[The task]
Return only the lines of the listing below that run from the line with "Britney thay trang" through the line with "This original azalea", both ends included, exactly as written.

[Records supplied]
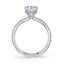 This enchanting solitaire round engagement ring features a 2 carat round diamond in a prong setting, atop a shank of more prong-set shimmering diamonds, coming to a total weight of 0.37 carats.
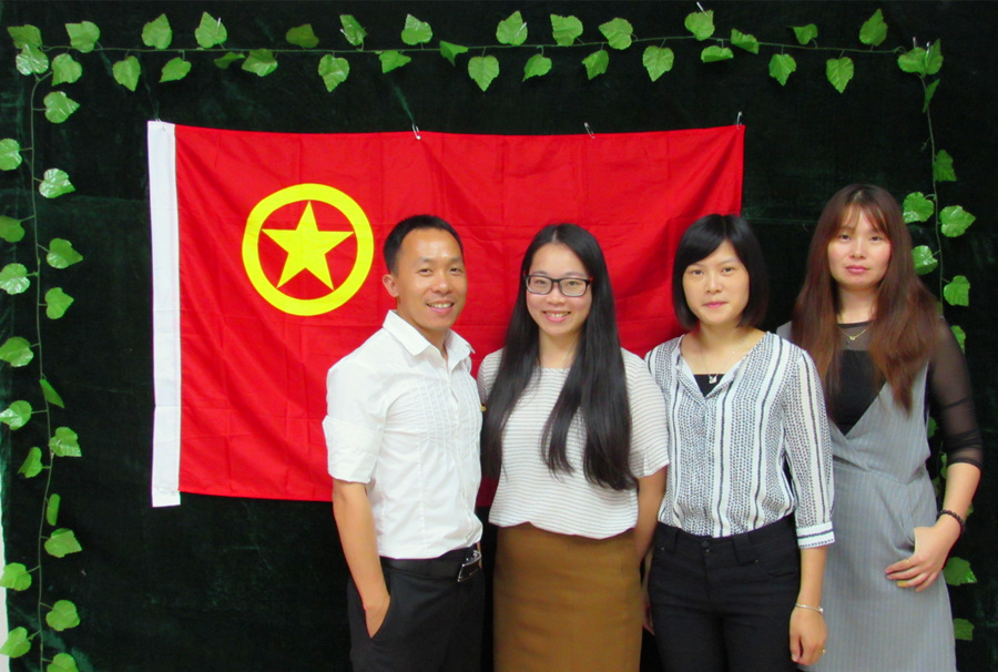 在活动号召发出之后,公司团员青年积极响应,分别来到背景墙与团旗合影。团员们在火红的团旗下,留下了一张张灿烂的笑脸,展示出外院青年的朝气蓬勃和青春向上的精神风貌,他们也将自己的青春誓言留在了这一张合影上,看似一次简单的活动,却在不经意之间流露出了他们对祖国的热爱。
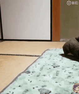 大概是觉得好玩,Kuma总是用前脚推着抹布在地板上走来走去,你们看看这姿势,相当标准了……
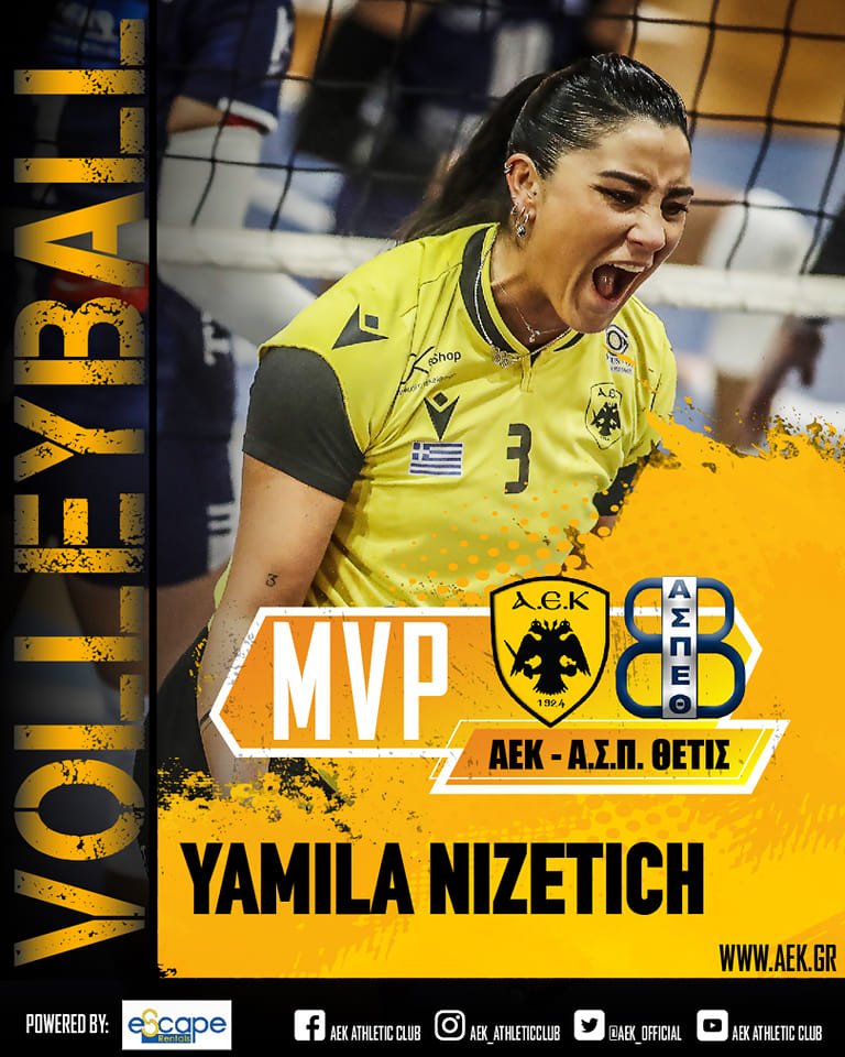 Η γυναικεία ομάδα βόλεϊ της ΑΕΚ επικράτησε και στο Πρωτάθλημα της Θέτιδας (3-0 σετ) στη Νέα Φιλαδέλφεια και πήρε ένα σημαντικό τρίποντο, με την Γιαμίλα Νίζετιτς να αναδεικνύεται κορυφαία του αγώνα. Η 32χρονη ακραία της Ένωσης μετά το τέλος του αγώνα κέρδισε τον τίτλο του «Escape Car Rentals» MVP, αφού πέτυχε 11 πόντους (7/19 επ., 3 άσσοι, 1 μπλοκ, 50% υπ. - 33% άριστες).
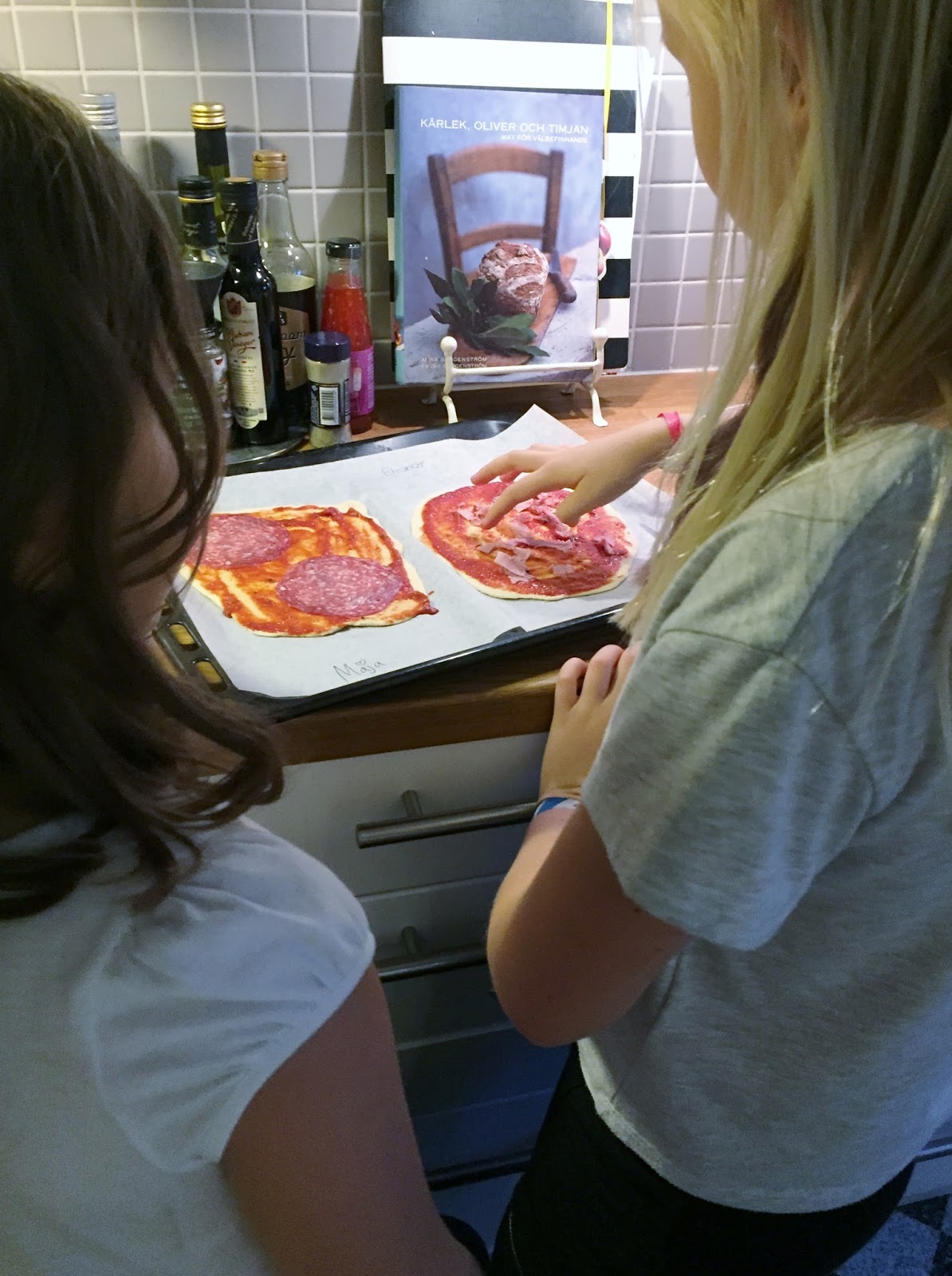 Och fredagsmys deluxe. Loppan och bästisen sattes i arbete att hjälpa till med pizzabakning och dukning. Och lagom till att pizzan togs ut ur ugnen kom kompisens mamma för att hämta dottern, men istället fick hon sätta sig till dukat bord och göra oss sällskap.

---

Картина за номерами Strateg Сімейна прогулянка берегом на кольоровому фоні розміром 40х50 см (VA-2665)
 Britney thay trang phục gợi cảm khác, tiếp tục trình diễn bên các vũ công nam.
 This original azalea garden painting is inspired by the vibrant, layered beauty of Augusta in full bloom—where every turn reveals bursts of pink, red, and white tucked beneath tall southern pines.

[Response area]
 Britney thay trang phục gợi cảm khác, tiếp tục trình diễn bên các vũ công nam.
 This original azalea garden painting is inspired by the vibrant, layered beauty of Augusta in full bloom—where every turn reveals bursts of pink, red, and white tucked beneath tall southern pines.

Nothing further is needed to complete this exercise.